Hopefully this module has enhanced your knowledge to recognize and address clinical ethics issues in the care of patients and families at the beginning of life.

Key review points are:

  1. Catholic health care is committed to promoting the human dignity of all persons and protecting human life from its very beginning.
  2. Genetic counseling may be provided in order to promote responsible parenthood.
  3. Except in cases of emergency, when a patient’s wishes cannot be known, free and informed consent of the person is required prior to any medical treatment or procedure.
  4. True informed consent requires that the patient receive all reasonable information about the proposed treatment, its purpose, benefits, risks, side effects, consequences and cost as well as any reasonable and morally legitimate alternatives, including no treatment.
  5. In making ethical decisions about treatment options both values of the dignity of the person and just stewardship of resources need to be taken into account.
  6. The directly intended termination of pregnancy before viability or the directly intended destruction of a viable fetus is considered a direct abortion and is never permitted.

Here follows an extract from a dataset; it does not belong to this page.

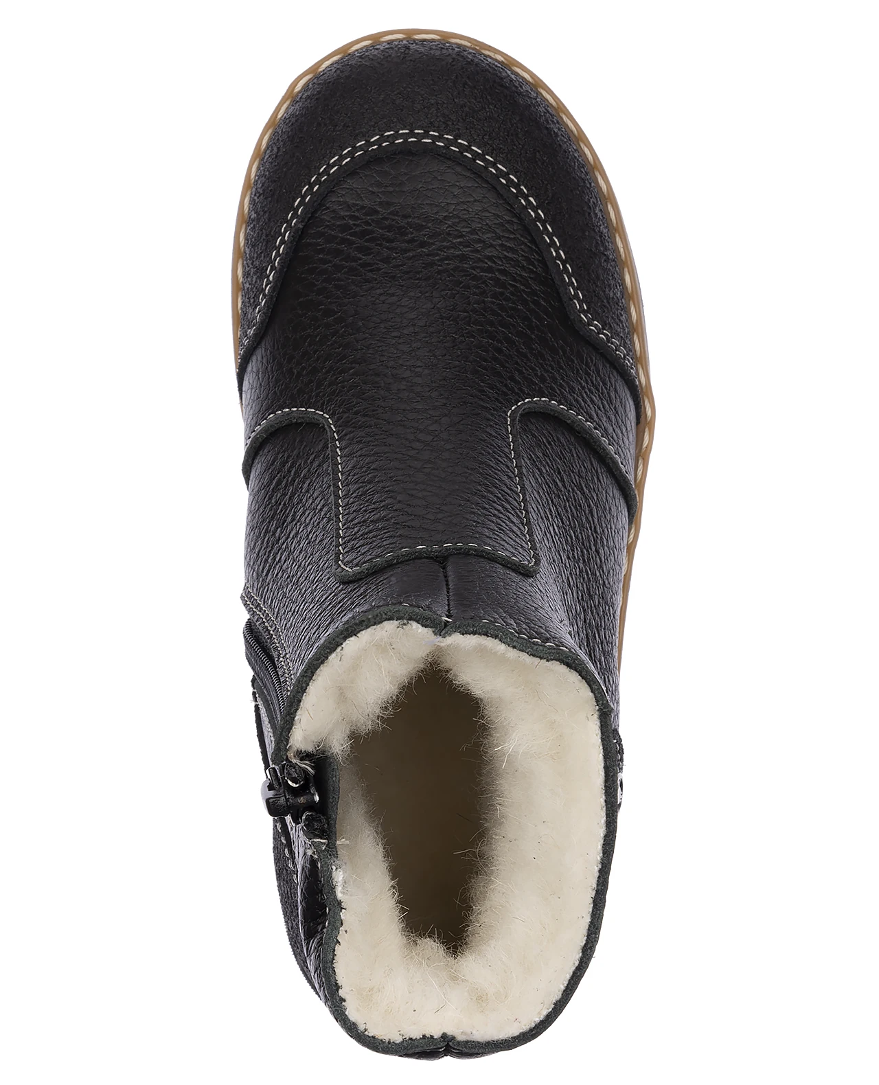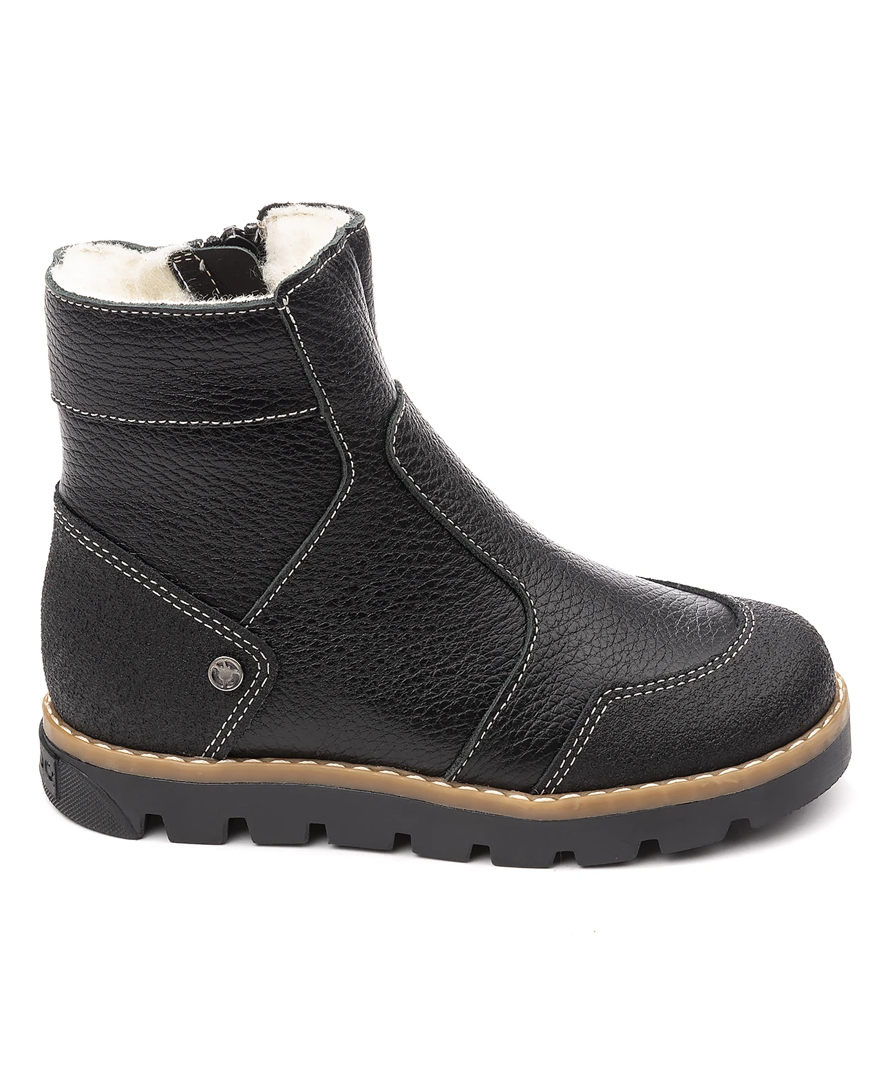 Классические лаконичные утепленные ботинки на подкладке из шерстяного меха. Выполнены из гладкой кожи универсального черного цвета, защитное покрытие на носке и пятке. Украшены металлическим логотипом. Застежка-молния сбоку для удобства надевания. Упругая анатомическая стелька для правильного формирования стопы. Жесткий фиксирующий задник с удлиненным крылом надежно стабилизирует голеностопный сустав во время ходьбы. Упругая, умеренно-эластичная подошва с протектором, имеющая перекат, позволяющий повторить естественное движение стопы при ходьбе для правильного распределения нагрузки на опорно-двигательный аппарат ребенка. Подкладка из шерстяного меха поддерживает комфортную температуру внутри обуви при погодных условиях от -5 до -15 градусов.
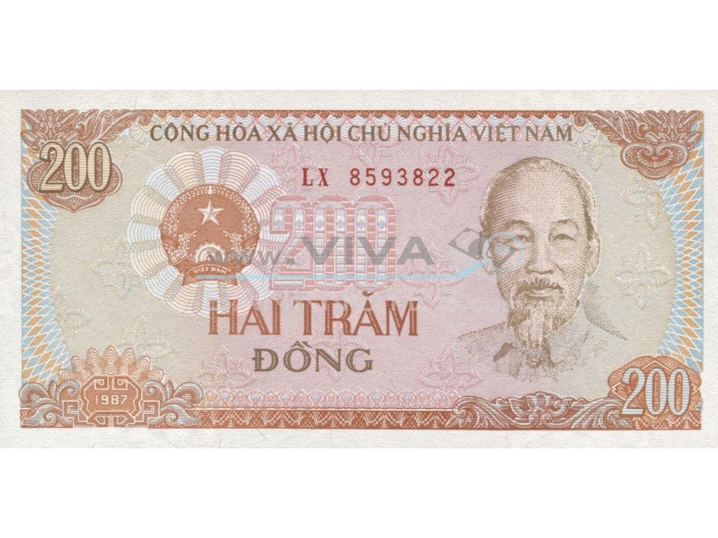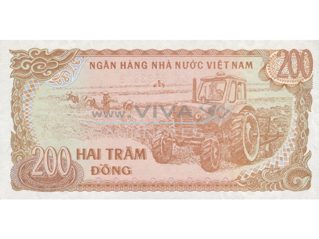 200 Đồng 1987 UNC. Brown and beige on a multi-colored background. Ho Chi Minh on the right, coat of arms of Vietnam Socialist Republic on the left center. Reverse: workers in the rice field in the middle of a tractor. Issued by: Ngân Hàng Nhà Nu'ớc Việt Nam (State Bank of Vietnam). Serial number types sherif wide. UV: fibers fluoresce red and blue, serial numbers red. 131x62mm

  7. A pregnant woman may avail herself of operations, treatments and medications that have as their direct purpose the cure of a proportionately serious pathological condition, when they cannot be safely postponed until the fetus is viable, even if they will result in the death of the unborn child.
  8. For a proportionate reason, labor may be induced after a fetus is viable.
  9. Parents have a duty to use proportionate means of preserving the life of their child, but may refuse or withdraw means that do not offer a reasonable hope of benefit or entail an excessive burden to the child.